Chapitre 2 : Réseau, innovation, biotechnologie et action publique 26

2.2. L’innovation 33

2.2.2. Essai de nomenclature 34

Tout d'abord, nous distinguerons deux aspects de l'innovation en tenant compte de leur apparition dans la littérature au gré de l'histoire: l'aspect social et l'aspect économique. L'aspect social, de plus en plus répandu, nous permettra notamment d'aborder l'innovation dans sa dimension institutionnalisée et flexible.

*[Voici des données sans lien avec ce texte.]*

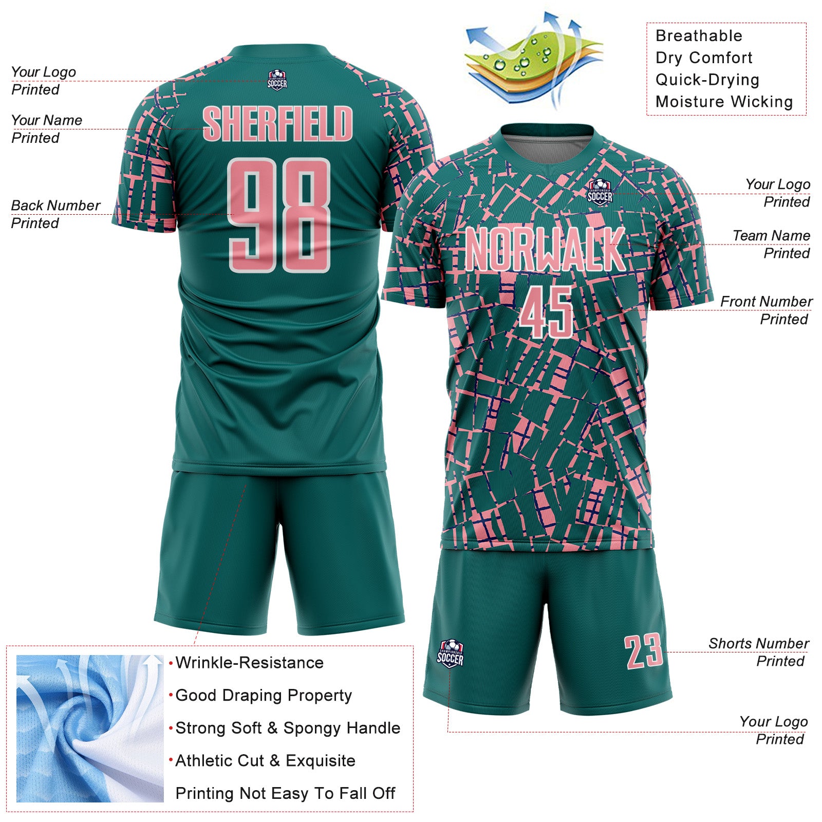 1. Material: Made from 100% polyester wicking knit with 95% polyester / 5% spandex wicking pinhole mesh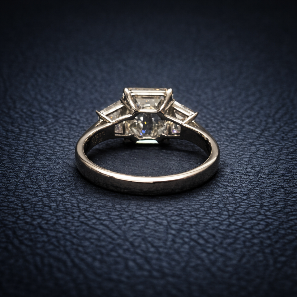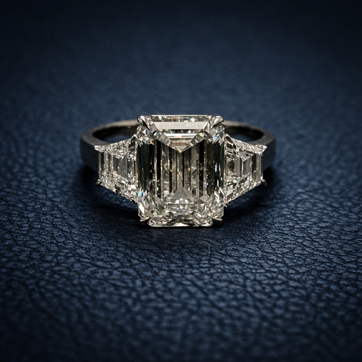 Anillo de Tres Piedras con Corte Esmeralda, Diamante Cultivado en Laboratorio, Chapado en Oro Sólido, Certificado IGI, Anillo de Compromiso y Boda para Mujer, Talla 7US

Nous définirons ensuite les concepts d'exploitation, d'exploration et d'innovation incrémentale, radicale et de rupture et amènerons une distinction supplémentaire entre le processus et le résultat. Nous appréhenderons également l’innovation dite « sociale » qui se répand de plus en plus aujourd’hui. Une distinction complémentaire sera apportée : il s’agit de la distinction résultat – processus. Enfin, en partant de l’innovation comme processus, nous pourrons aborder la thématique des modèles linéaire et bouclé ou tourbillonnaire.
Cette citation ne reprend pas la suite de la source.